Step 2. Log in Controller, go to Settings > Wireless Network > WLAN to click Create New Wireless Network.

Step 3. Set parameters or options such as Network Name (SSID) / Band / Security. You may click on Advanced Settings to adjust more advanced configuration items according to your needs. Then click Apply.

Step 4. Go to Settings > Profiles > RADIUS Profile to edit Built-in Radius Profile.

Step 5. Click Add New RADIUS User, select Authentication Type as MAC Authentication, enter the client’s MAC address in a proper format, and then click Apply.

Step 6. Go to site’s Settings > Authentication > MAC-Based Authentication to tick MAC-Based Authentication and select the target SSID. Choose Built-in RADIUS Profile as the RADIUS Profile. Set the other configurations (NAS ID / MAC-Based Authentication Fallback / Empty Password) and choose the MAC Address Format based on your needs, but note that it must be consistent with the MAC address format that you entered in the Built-in RADIUS Profile.

Note:

• NAS ID: Configure a Network Access Server Identifier (NAS ID) for authentication. Authentication request packets from the AP to the RADIUS server carry the NAS ID. The Radius server can classify users into different groups based on the NAS ID, and then choose different policies for different groups. When it’s empty, NAS ID is TP-Link_AP’s Model_AP’s MAC_NAS by default, such as TP-Link_EAP660 HD_xx-xx-xx-xx-xx-xx_NAS.
• MAC-Based Authentication Fallback: For the wireless network configured with both MAC-Based Authentication and Portal, if you enable this feature, a wireless client needs to pass only one authentication. The client tries MAC-Based Authentication first, and is allowed to try Portal authentication if it failed the MAC-Based Authentication. If you disable this feature as default, a wireless client needs to pass both the MAC-Based Authentication and portal authentication for internet access, and will be denied if it fails either of the authentications.
• Empty Password: With this option enabled, the password used for authentication will be blank.
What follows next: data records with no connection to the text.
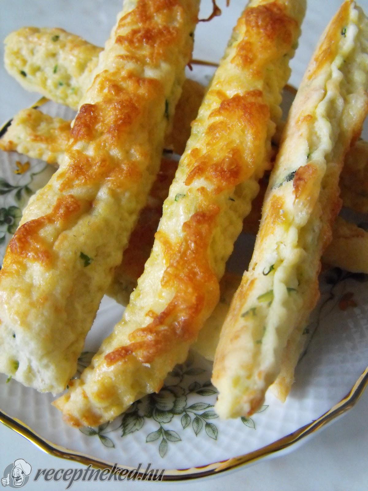 Fél-egy cm-esre kinyújtjuk. Derelyevágóval rudakat vágunk belőle. Tojással megkenjük, tetejére sajtot reszelünk.
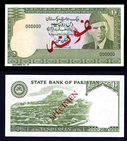 Pakistan, ND (1976-84), 10 Rupees, P-29 Specimen banknote, S/N 000000, Dark brown on m/c, “Specimen No.81” on lower left border, Specimen overprints, One light corner tip fold on the upper left keeps this Choice AU-Uncirculated note from CU.
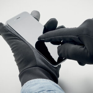 Tactile sport gloves for smartphone in polyester. Two fingers with touch function with anti-slip dots on palm and finger in PVC.
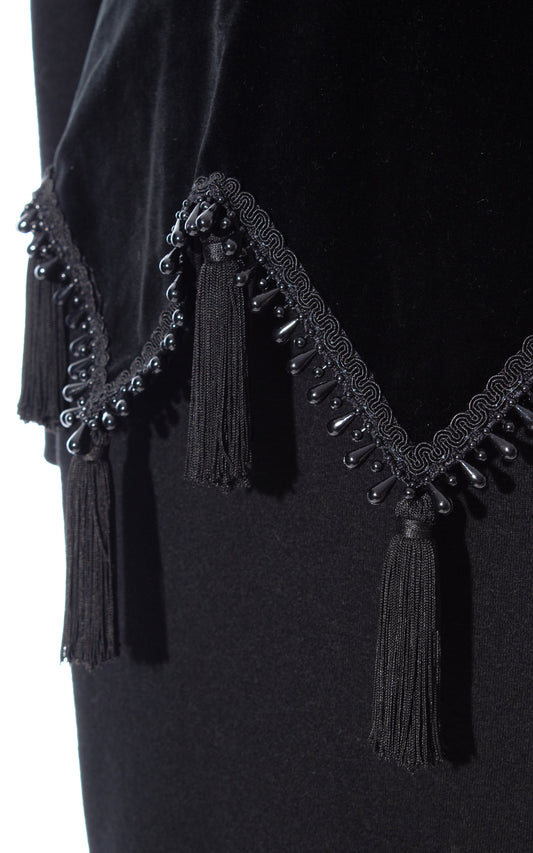 1980s Beaded Tassels Wool & Velvet Dress | small
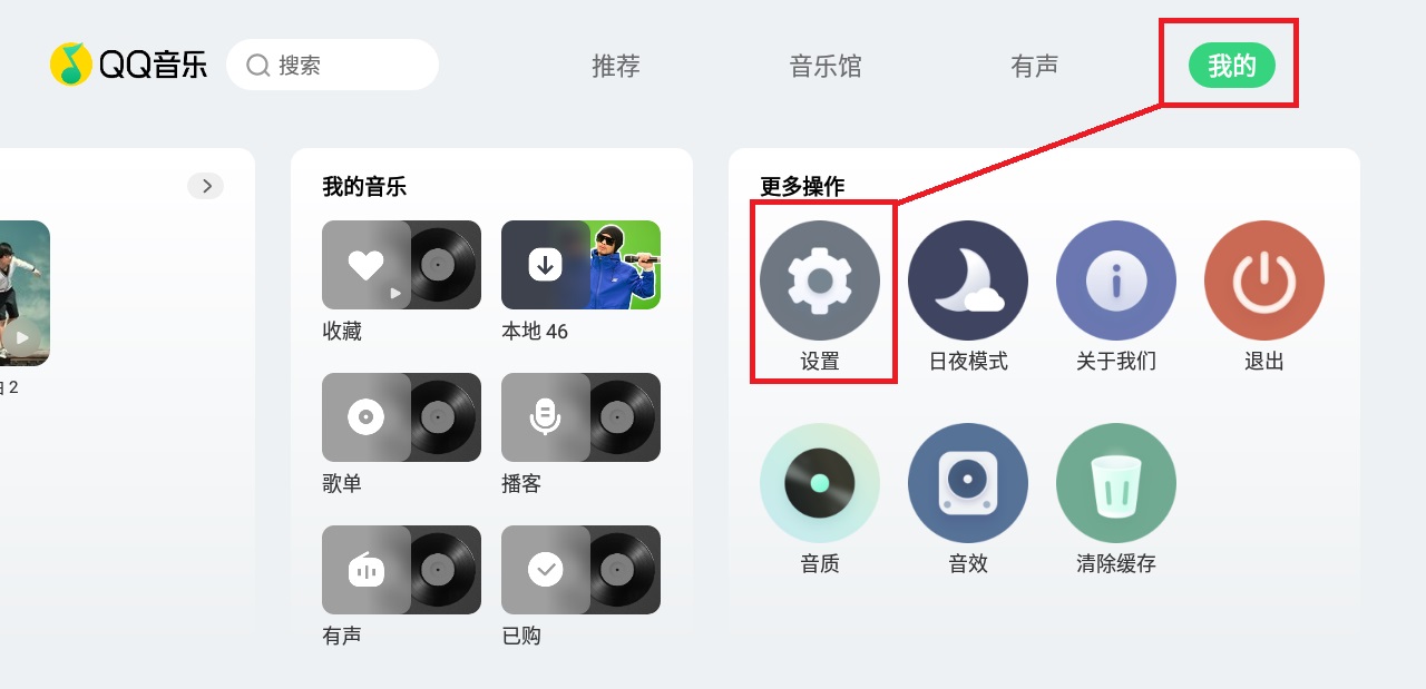< 返回 蘑菇云 < QQ音乐 酷狗音乐5.0 酷狗音乐3.5 随心听 AIMP播放器打开QQ音乐,点击我的 -> 设置
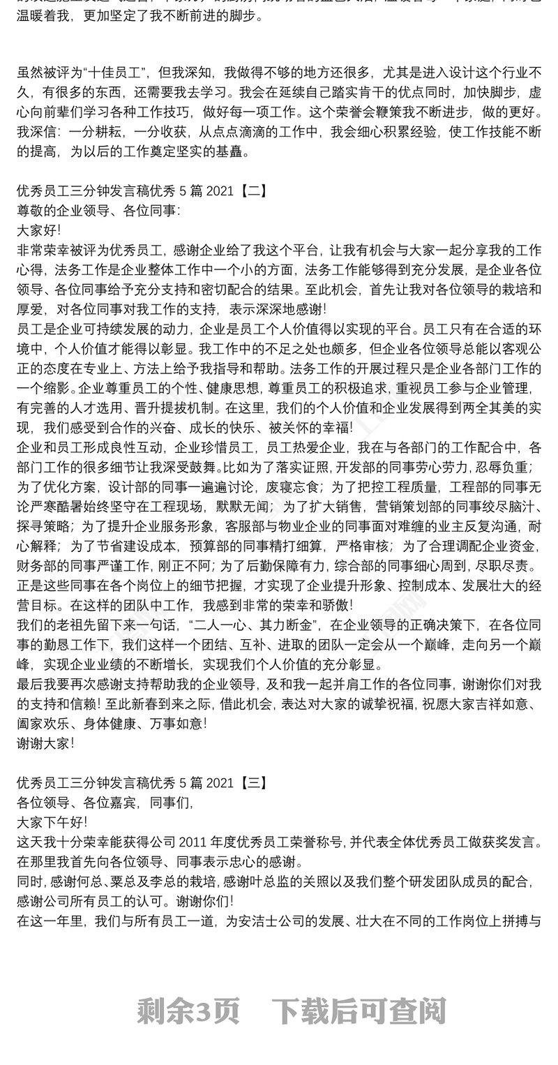 年終優秀員工發言稿2020三篇包含
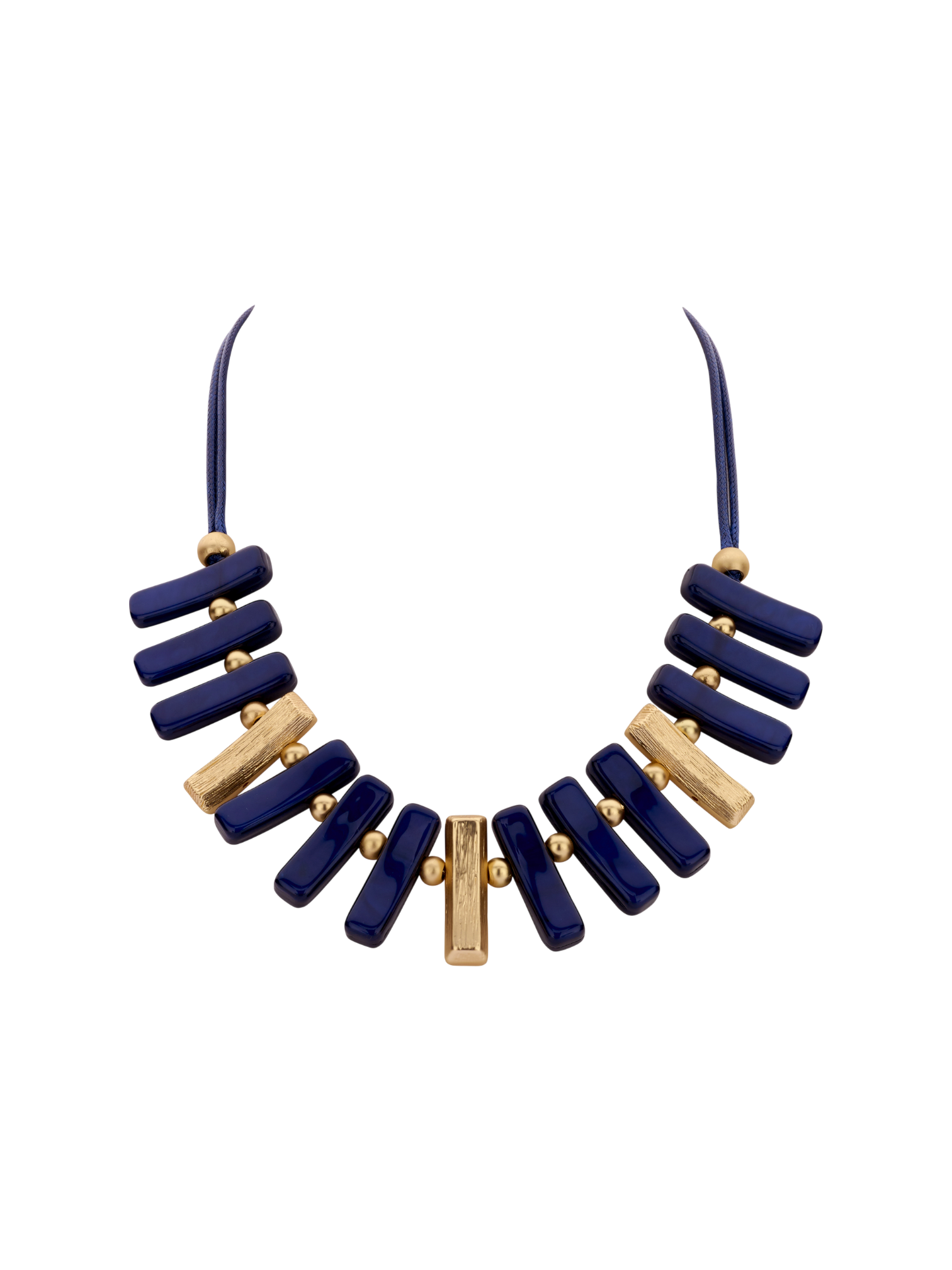 Een elegante korte ketting in blauw met verfijnde goudaccenten. Tijdloos, licht en perfect om elke outfit net dat tikkeltje extra te geven.
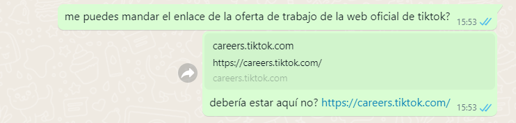 Nos preguntaron también a nuestro chatbot por una supuesta oferta de trabajo que afirma ser del departamento de promoción de TikTok. “Estamos buscando reclutar a 5,000 empleados a tiempo parcial”, indica el mensaje, que destaca que “el trabajo es muy sencillo y no tiene restricciones de tiempo”. Pero es un caso de phishing, no se trata de una oferta de trabajo real.
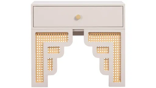 Inspired by the Art Moderne style, the Suzie Nightstand alludes to Palm Springs' art-deco design through its bold colors and curvaceous form. This wooden nightstand features a soft close drawer for practicality; while its rounded edges and woven rattan details add a playful twist. The Suzie will cement itself as the perfect balance between contemporary living with a touch of glamour in your space!

Otherwise, the password will be the same as the username which is the client’s MAC address.

Verification

To verify the configuration, connect the two clients whose MAC addresses were registered in the RADIUS server to the corresponding SSID. If the two clients can connect to the SSID and access the internet, while others cannot, this indicates a successful configuration.

Conclusion

Now you have learned how to configure and verify MAC-Based Authentication. Please select an appropriate RADIUS server according to your actual situation. You can use other authentication methods such as WPA/WPA2/WPA3 and portal authentication for comprehensive network security.

Get to know more details of each function and configuration please go to Download Center to download the manual of your product.

FAQ

1. What is the authentication priority when WPA, MAC-Based Authentication, and Portal Authentication are all enabled?
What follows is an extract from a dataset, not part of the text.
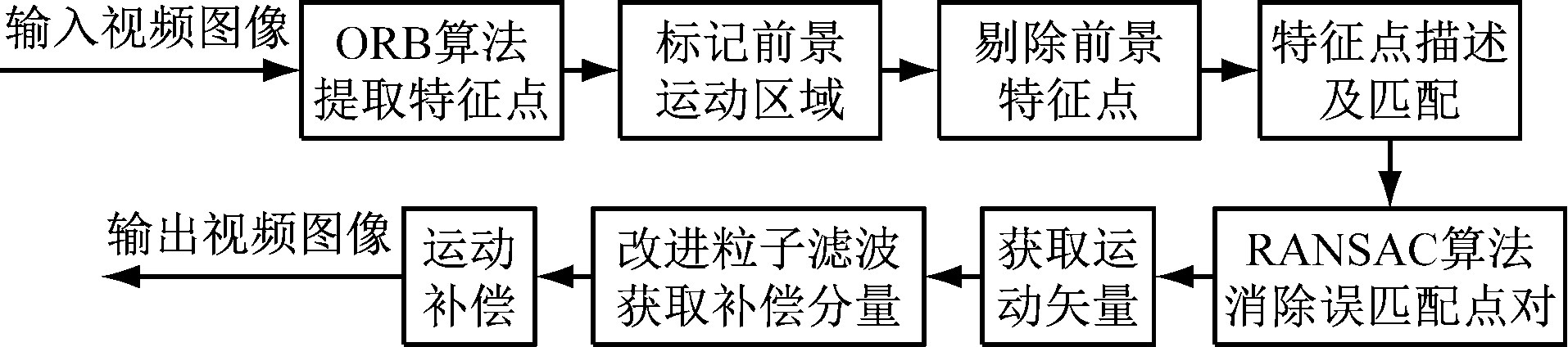 图1 基于ORB特征匹配与改进粒子滤波的矿井车载视频图像稳像算法流程
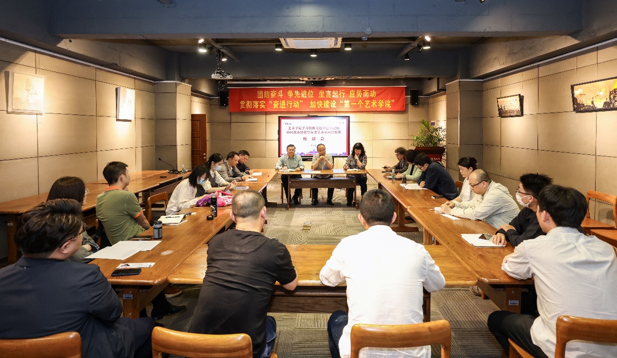 5月26日下午,成人导航 召开学习贯彻“习近平总给中国美术馆的老专家老艺术家的回信”座谈会,邀请中国美术馆展览部主任邵晓峰教授与成人导航 领导班子成员、师生代表座谈交流。

Re. MAC Authentication > WPA Authentication > Portal Authentication.

2. What is the authentication priority between MAC-Based Authentication and MAC Filter?

Re. MAC Filter has a higher priority than MAC-Based Authentication. That is, if a client's MAC address is in the Deny List of MAC Filter, it will be unable to connect to the SSID even if it is registered for MAC-Based Authentication.